Хорошо еще, что после возвращения из академии он увлекся одной из хитроумных загадок, какие ставит природа перед человеком. Республиканское правительство объявило конкурс на лучший проект противоселевого заграждения. Сель – это тяжкое бедствие для всех горных поселений. Весной, во время таяния снегов и после бурных дождей, размокшая почва на склонах гор вдруг начинает сползать вниз, часто превращаясь в грязевую лавину, влекущую с собой камни, деревья – все, что подхватит на пути. Такой сель может смыть и уничтожить целый город или похоронить его под слоем тяжелой грязи – скорость движения селя сравнима разве со скоростью курьерского поезда. Селевые лавины угрожали и столице республики – город был окружен горами.

О конкурсе заговорили и офицеры. На одном из совещаний командующий военным округом напомнил, что среди саперных офицеров есть отличные инженеры, которые могли бы помочь в этой борьбе с селями.
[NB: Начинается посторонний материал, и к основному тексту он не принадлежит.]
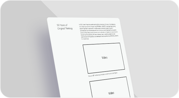 50 Years of In 2022, Swire Properties celebrated its 50th anniversary. To honour this milestone, Original Thinking the company launched the year-long “ORIGINAL. ALWAYS.” campaign highlighting Swire Properties’ creative and innovative spirit; and reflecting its long-term commitment over the decades and into the future. Swire Properties has shared 50 stories of Originality, as well as events, arts and cultural initiatives that have touched its communities globally. Of these stories we have curated examples that best exemplify Swire Properties’ placemaking philosophy and convey ORIGINAL. ALWAYS. in unique ways. Video th View our 50 Anniversary film about what it means to be Original Video Hear from our previous and current leaders on our 50 years of placemaking Learn more about Swire Properties' 50th Anniversary campaign here SWIRE PROPERTIES PAGE 9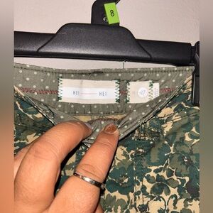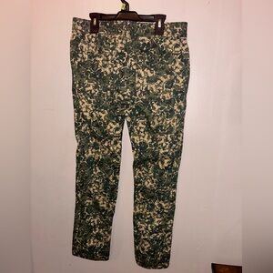 Anthropologie Hei Hei Sylvan Green/Tan Camo Floral Straight Leg Roll Up Pants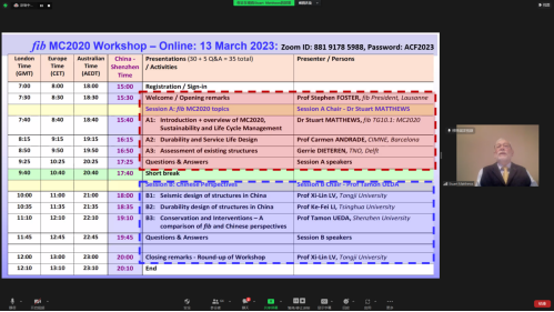 本次会议还包括一个为期半天的全线上研讨会,于2023年3月13日下午举行。该会议由亚洲混凝土协会(ACF) -深圳大学-香港理工大学和国际结构混凝土联合会(fib)三方联合主办,由国内外7位著名学者担任讲师,从不同角度介绍了混凝土耐久性设计方面的新理念和新实践。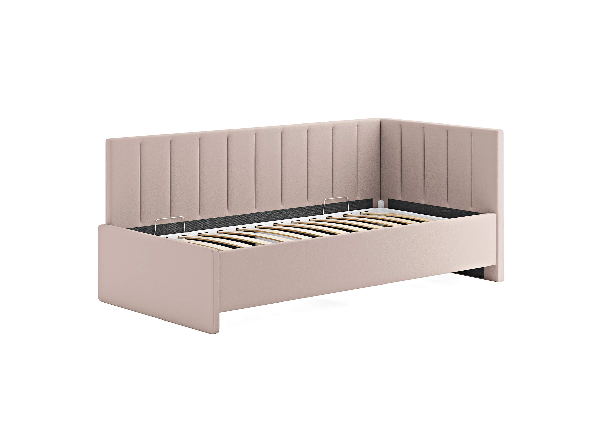 Односпальная кровать с боковой спинкой для современных интерьеров. Модель занимает минимальное пространство в спальне. Подходит для квартир с небольшой площадью, детских и подростковых спален, гостевых комнат. Мягкие элементы спинки, создают атмосферу уюта, а благодаря размерному ряду, защитному бортику и множеству цветов и фактур кровать подойдет как малышам, так и подросткам. Защитный бортик приобретается дополнительно, его легко установить на левую или правую сторону кровати. Боковую спинку кровати можно установить при сборке на правую или левую сторону, что делает модель универсальной. Модель укомплектована ортопедическим основанием, при желании в нее можно установить подъемный механизм с бельевым коробом. Расстояние от пола до царг способствует легкой уборке под кроватью, в том числе роботом – пылесосом.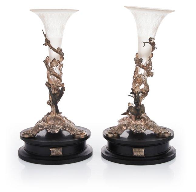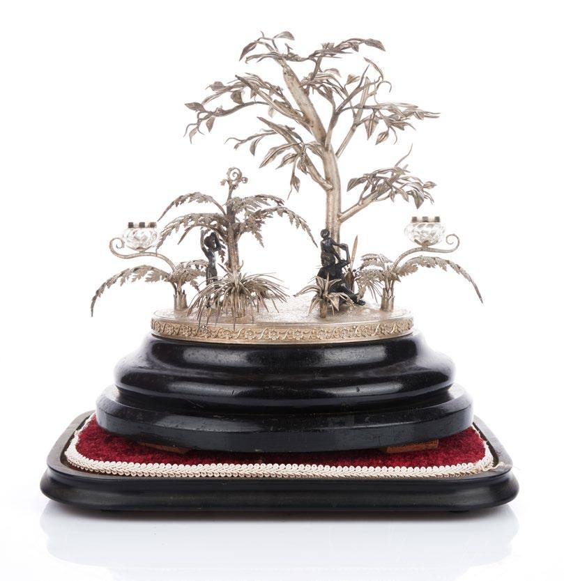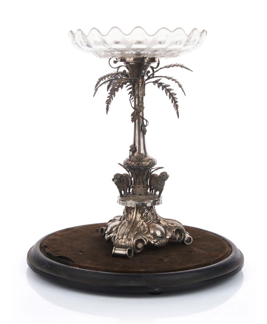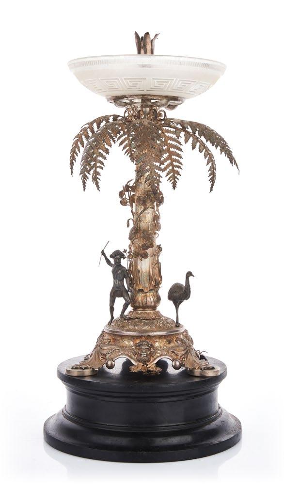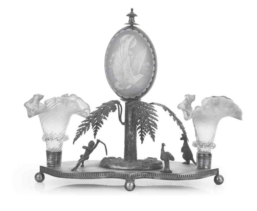 A carved emu egg and silver-plated and pink glass centre-piece, English manufacture for the Australian market, 19th century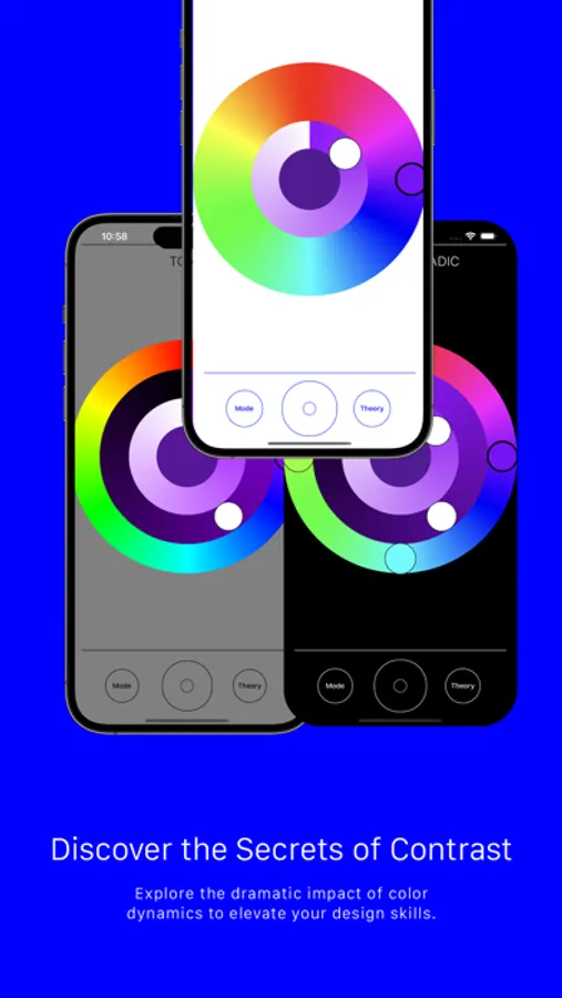 Think of ChromatiQ's revamped color wheel as both your blank canvas and your compass, leading your creativity while deepening your understanding of color theory's core principles. This is not merely an aesthetically pleasing color harmony selector - it's a voyage into the vast universe of color, demystifying the enchanting interplay of contrast and harmony.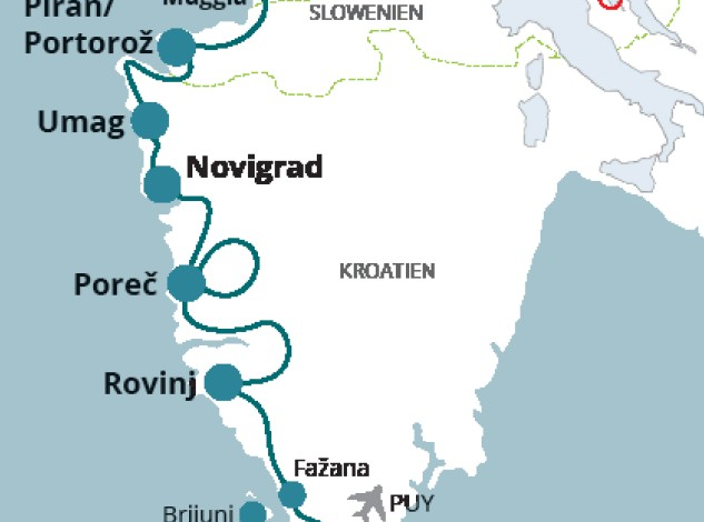 Drei Länder, eine Reise – abwechslungsreiche Etappen Die Radtour ist in gut planbare Tagesetappen zwischen etwa 20 und 65 Kilometern unterteilt und richtet sich an Genussradler. Die Strecke verläuft leicht hügelig und bietet eine ausgewogene Mischung aus Küstenwegen und Passagen durch das Hinterland. Zu den Höhepunkten zählen bekannte Orte wie Piran, Umag, Poreč, Rovinj und schließlich Pula. Unterwegs entdecken Radreisende unter anderem die traditionellen Salzgärten von Sečovlje sowie die Euphrasius-Basilika in Poreč, die zum UNESCO-Weltkulturerbe gehört. Den Abschluss bildet Pula mit seinem eindrucksvollen römischen Amphitheater, einem der bedeutendsten historischen Bauwerke der Region.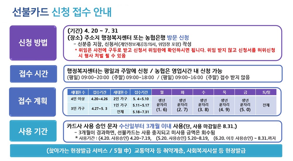 해당 주 대상자 중 선불카드를 신청하지 못한 도민은 토요일과 일요일 읍·면·동 행정복지센터에서 신청하면 된다. 주말뿐만 아니라 직장인을 배려해 주중에 행정복지센터는 오후 8시까지, 토요일과 일요일은 오전 9시부터 오후 6시까지 신청을 받는다. 농협 지점은 평일 오전 9시부터 오후 4시까지 신청 가능하다. 이후 5월 18일 이후부터는 가구수 관계없이 평일 정상 업무시간 내에 읍면동 행정복지센터나 농협에서 발급받을 수 있다.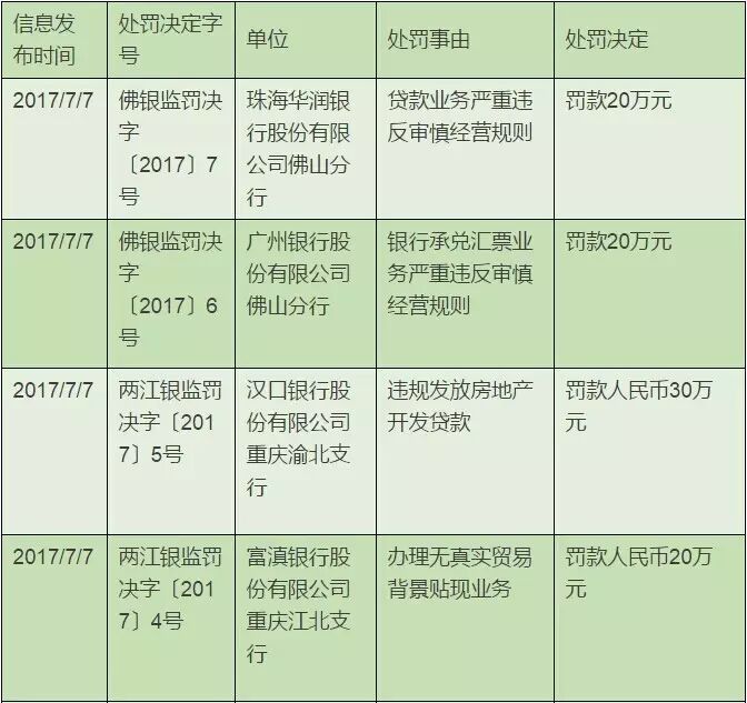 来源:金融与法7.77月4日,银监会网站公告两江银监分局、佛山银监分局等银监分局行政处罚信息13份。罚款金额合计247万元。处罚事由包括:违反审慎
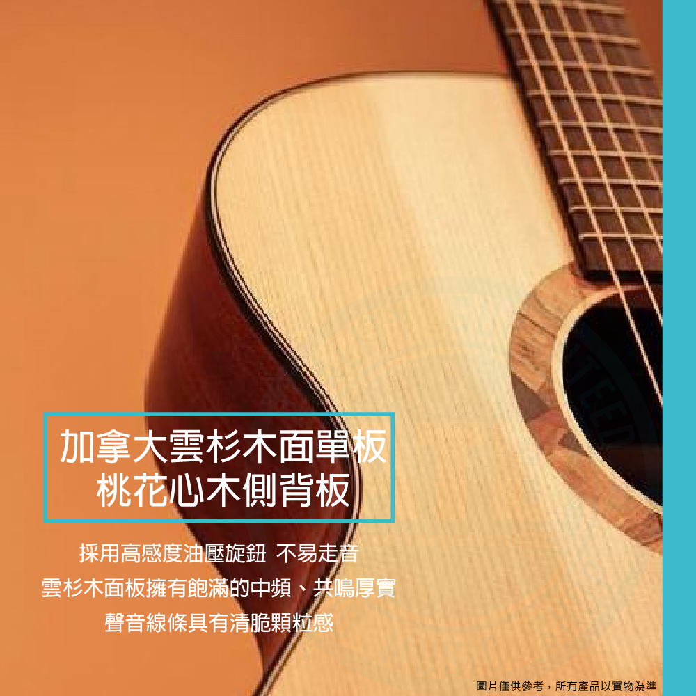 ◆加拿大雲杉木面單板,聲音線條具有清脆顆粒感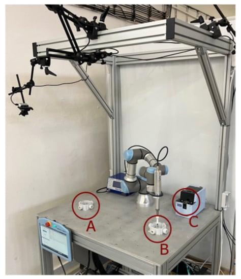 Experimental workplace with the UR3 robot; letters A and B denote the assembly stations, letter C denotes the supply feeder.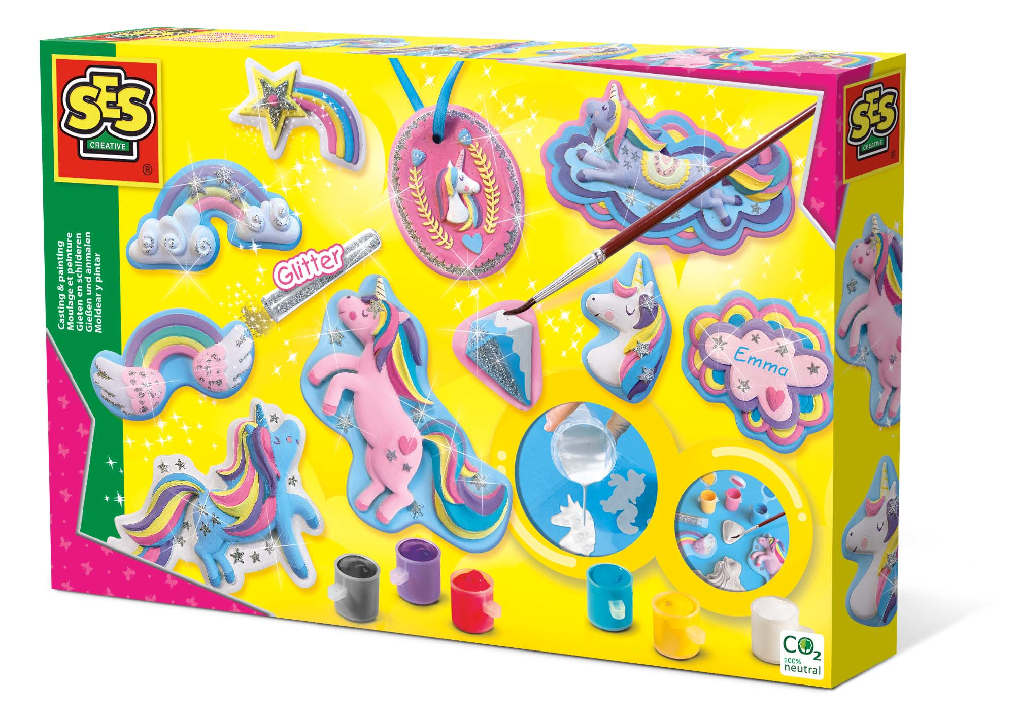 Houd jij ook zo van eenhoorns? Met deze set van SES Creative maak je eenvoudig allerlei leuke eenhoornbeeldjes van gips. Giet het gips in de mal en laat het uitharden. Pak dan de bijgeleverde verf erbij en schilder de eenhoorns in je favoriete kleuren. Leuk om te doen en een super resultaat!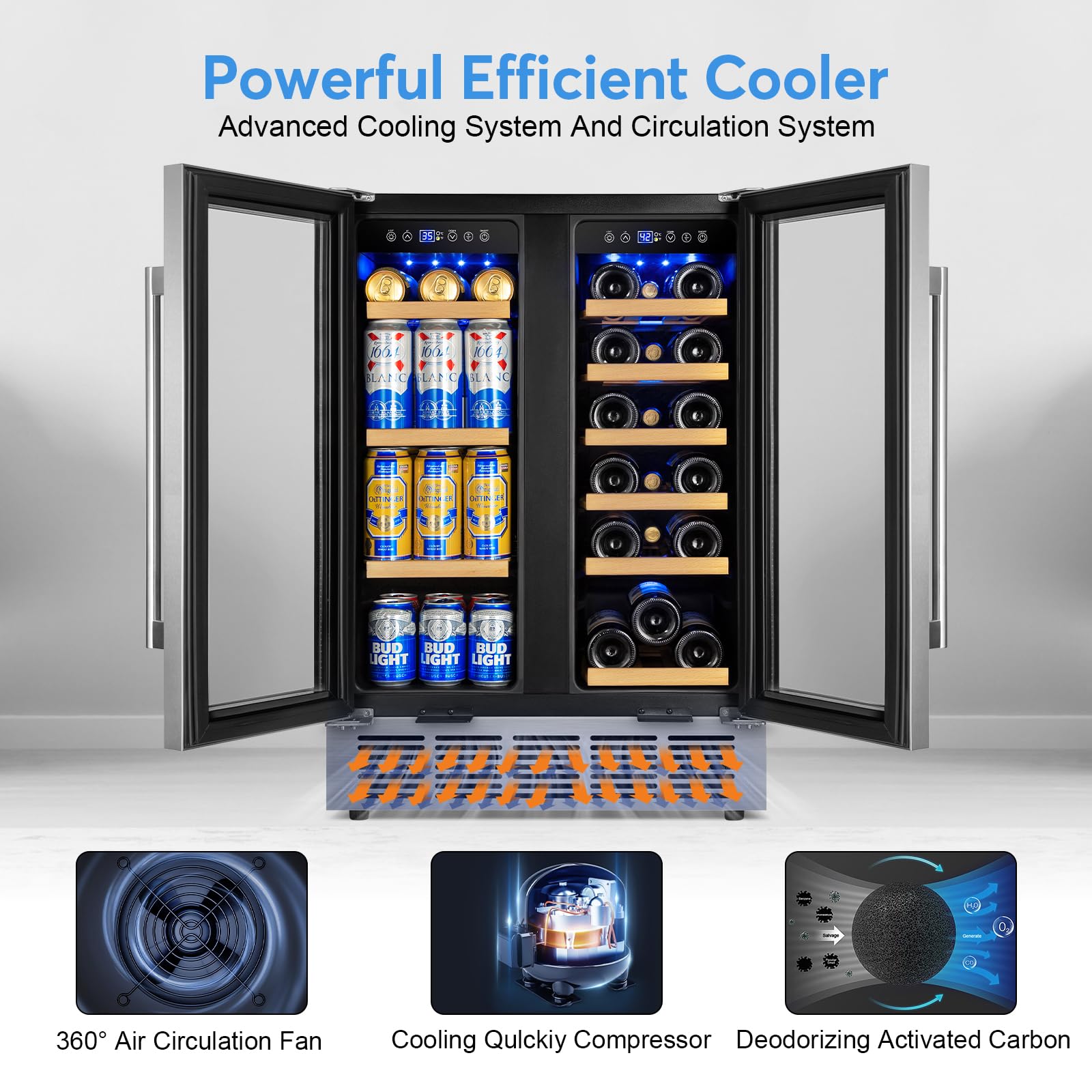 - Energy-Saving Quiet And Powerful Cooling System: Dual zone wine cooler refrigerator is equipped with a compressor with a quiet and powerful cooling system, which ensures fast cooling performance and at the same time keeps your drinks evenly cooled in the space. It will not affect your rest or work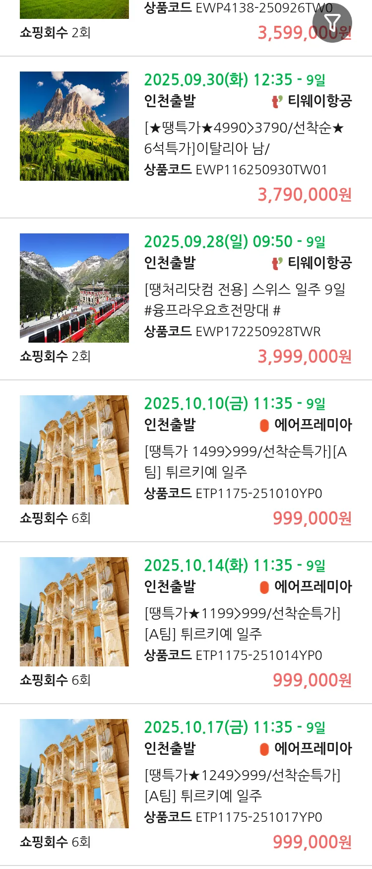 (9월 19일(금)) 땡처리 유럽 긴급 패키지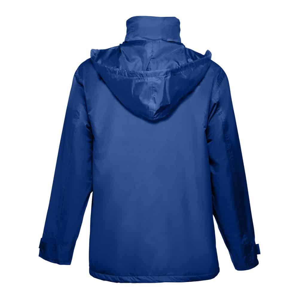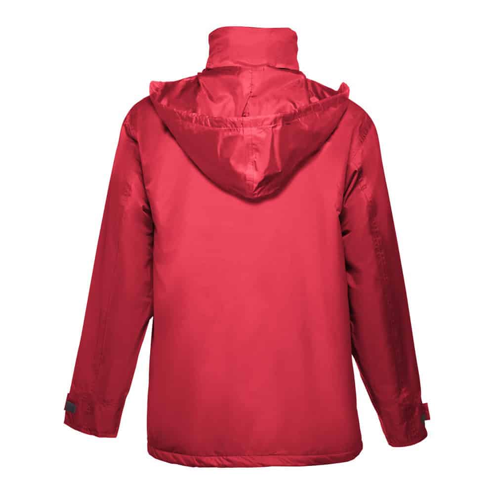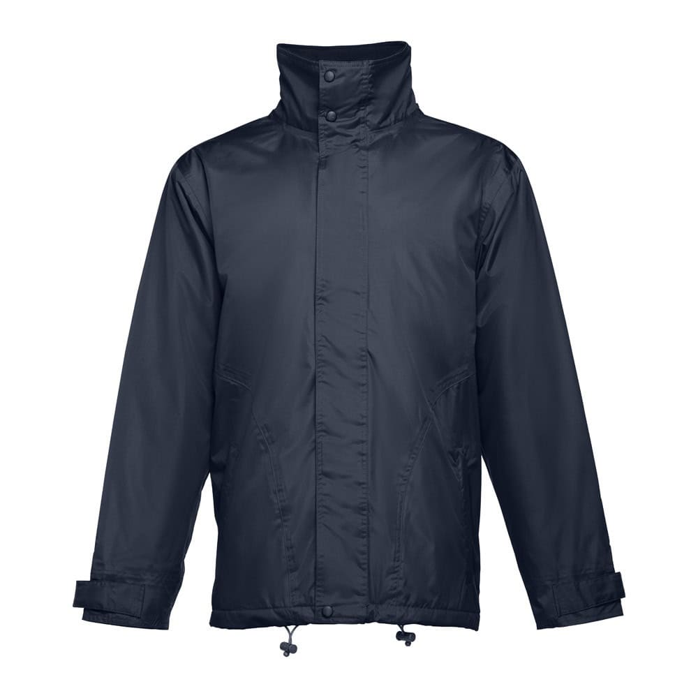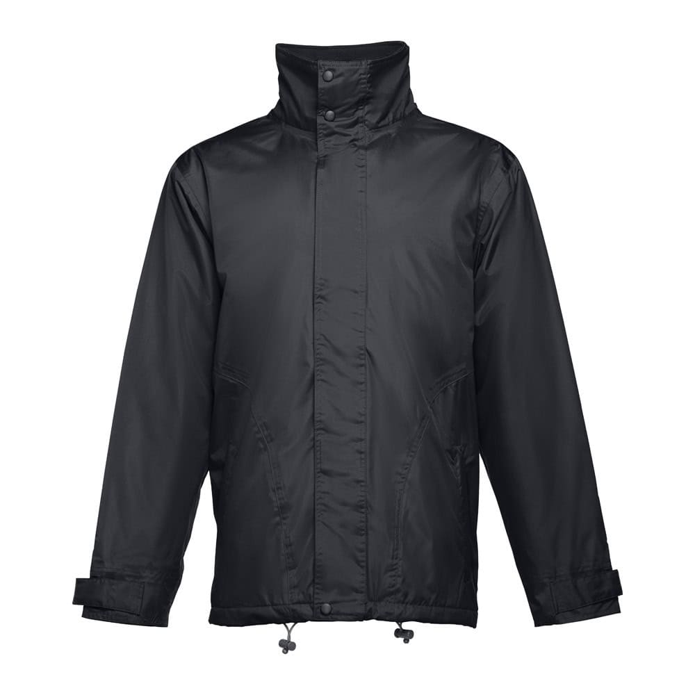 Vadderad parkas (unisex) 100 % polyester (exteriör: 240 g/m² 100 % polyester pongee 240 och vattentät PVC-beläggning, insida: 65 g/m² 100 % polyestertaft, fyllning: 100 % polyester 80 g/m²). Krage fodrad med svart fleece (fast med stängning). Vikbar huva, justerbar med svarta proppar. Öppning med lock, färgad dragkedja, ögla och tryckknappar i svart. Innehåller 2 ytterfickor med klaff och 2 innerfickor (1 för mobiltelefon) med stängning. Inre 2×2 ribbad nätmanschetter och justerbara yttre muddar med stängning. Termoförseglade sömmar. Dragkedja nedre delen av ryggen för tryck. Storlek: XS, S, M, L, XL, XXL

И Малышев увлекся новой идеей. Все свободное от службы время он проводил в горах. А совсем недавно отправил по инстанциям свой необычный проект – противоселевая защита посредством направленных взрывов… За скупыми и официальными словами скрывалось целое исследование о природе селя, о его возникновении и, главное, о самых доступных методах защиты от катастрофы. Если бы не эта большая и кропотливая работа, ему было бы еще тяжелее без жены. Но вот работа закончена, что же делать дальше? Снова писать ей, звать, унижаться, требовать?

Оглядев пустую столовую, Малышев заметил, что свет в ней стал еще более желтым, а сияние в окнах словно бы усилилось. Он откинулся на спинку стула и сразу отпрянул: деревянная перекладина обжигала спину через гимнастерку. Он выпил стакан горячего компота и вдруг услышал: в лагере трубили тревогу.

Малышев выбежал на плац.

Со всех сторон к месту построения спешили солдаты.

В этот воскресный день примерно треть личного состава находилась в увольнении. Одни уехали с экскурсиями в город, многие ушли в соседний колхоз на прополку хлопчатника, к некоторым приехали родственники, и солдат отпустили в зону свиданий – клуб и чайхана ближнего кишлака, – но все равно плац гудел от топота – так быстро и слаженно собирались люди.

Малышев привычно отсчитывал время. Командиры взводов подстраивали солдат, роты уплотнялись, а напротив и поперек плаца выстраивались другие роты, и вот уже от здания штаба внешне неторопливо подошли командир, начальник штаба и другие офицеры. Малышев скомандовал «Смирно!» и, досадуя на то, что ему так и не дали отдохнуть, пошел навстречу начальству.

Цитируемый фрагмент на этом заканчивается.